Ken Perez describes three case studies showing that expanded coverage increases emergency department use.
Three Strikes Against the Idea that Coverage Reduces ED Use
Many industry expects have posited that providing health insurance coverage to low-income adults can synergistically reduce cost by promoting less costly preventive care and avoiding more costly acute care, often initiated by visits to the emergency department (ED). ED use is a significant driver of cost, accounting for 5 to 6 percent of U.S. health expenditures. Medicaid alone spends $23 billion to $47 billion each year on ED care.
Theoretically, providing people with greater access to and ability to pay for sources of care outside the ED should result in reduced ED use. But three significant cases have demonstrated the opposite result: Increased coverage and access have led to increased ED use.
Various studies have been conducted on the impact of providing Medicaid coverage to previously uninsured adults. Some researchers have employed a high-level approach that compares total ED use before and after the ACA expanded Medicaid eligibility and between expansion and nonexpansion states, concluding that Medicaid coverage does not affect ED use. However, because of the high-level approach, the researchers could not know which ED visits were by patients who obtained new health insurance (Medicaid) in 2014, the first year of Medicaid expansion, and which were by patients who were continuously enrolled, were uninsured, or may have switched insurance type.
Oregon’s Randomized, Controlled Study
These researchers’ findings were refuted by a randomized, controlled study involving 24,646 lottery-selected uninsured individuals in Oregon who were granted Medicaid coverage in 2008, which showed that these Medicaid beneficiaries increased their ED visits by 40 percent in the first 15 months after receiving coverage. a Many observers speculated that the rise in ED use was due to pent-up demand and would dissipate over time as the newly insured found and used other sites of care or as their health needs were met and their health improved.

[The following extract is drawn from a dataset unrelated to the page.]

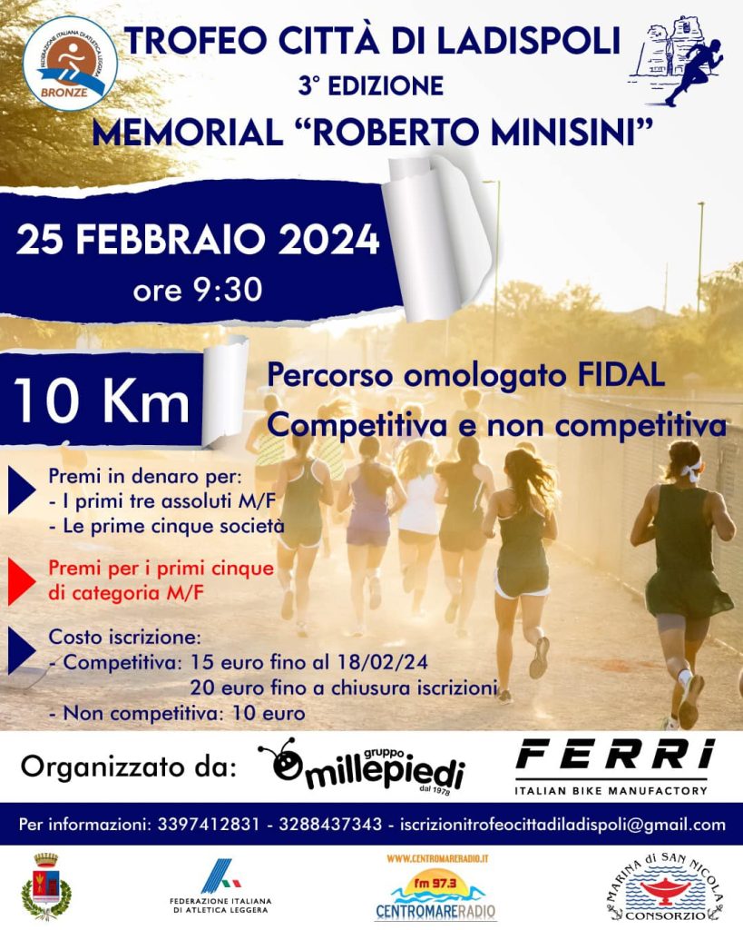 E’ in arrivo la terza edizione del Trofeo Città di Ladispoli che anche quest’anno viene dedicata al ricordo di Roberto Minisini. Il 24 febbraio, a partire dalle ore 9:30, gli appassionati avranno la possibilità di correre una 10 km su un percorso omologato Fidal. Nella giornata si terranno sia la versione competitiva che quella non competitiva della corsa. Per i vincitori sono previsti dei premi in denaro.

However, the researchers were unable to find any evidence that the increase in ED use due to Medicaid coverage was driven by pent-up demand that decreased over time; in fact, they observed that the effect on ED use actually persisted over the first two years of coverage.
The study also determined that Medicaid coverage increased the joint probability of a person’s having both an ED visit and an office visit by 13.2 percentage points, indicating that expanded coverage will not necessarily drive material substitution of office visits for ED use.
In accordance with the ACA, the nation’s most populous state expanded its Medicaid (Medi-Cal) population from 8 million in 2014 to currently 14 million, 35 percent of the state’s population. Contrary to widely held expectations, from early 2014 to late 2016, ED visits by the state’s Medi-Cal patients rose 44 percent. In the last quarter of 2016 alone, California’s Medi-Cal patients logged about 1.4 million ED visits. b
The FQHC APCP
The Federally Qualified Health Center Advanced Primary Care Practice (FQHC APCP) Demonstration, which ran from 2011 to 2014, went further than the Oregon and California cases, supporting implementation of processes to improve access, continuity, and coordination of care. The program provided care management fees and technical assistance to a nationwide sample of 503 FQHCs to help them attain the highest level (level 3) medical-home recognition by the National Committee for Quality Assurance.
The program succeeded in helping FQHCs achieve medical-home recognition, with 70 percent of demonstration sites gaining level 3 recognition within three years. However, the demonstration sites had relatively larger increases in visits to the ED, inpatient admissions, and Medicare Part B expenditures. c
The experiences of Medicaid in Oregon and California, as well as in the FQHC APCP Demonstration, show that expanded coverage and access to care have actually increased, not decreased, ED visits and costs. Thus, policymakers will need to look elsewhere, most likely to value-based care initiatives, to make progress in bending the healthcare cost curve.
Ken Perez is vice president of healthcare policy, Omnicell, Inc., Mountain View, Calif., and a member of HFMA’s Northern California Chapter.
a. Finkelstein, A.M., Taubman, S. L., Allen, H.L., Wright, B.J., and Baicker, K., “Effect of Medicaid Coverage on ED Use—Further Evidence from Oregon’s Experiment,” New England Journal of Medicine, Oct. 20, 2016.
b. Seipel, T., “Emergency Room Visits by Medi-Cal Patients Soaring, State Data Shows,” The Mercury News, June 24, 2017.
c. Timbie, J.W., Setodji, C.M., Kress, A., Lavelle, T.A., et al., “Implementation of Medical Homes in Federally Qualified Health Centers,” New England Journal of Medicine, July 20, 2017.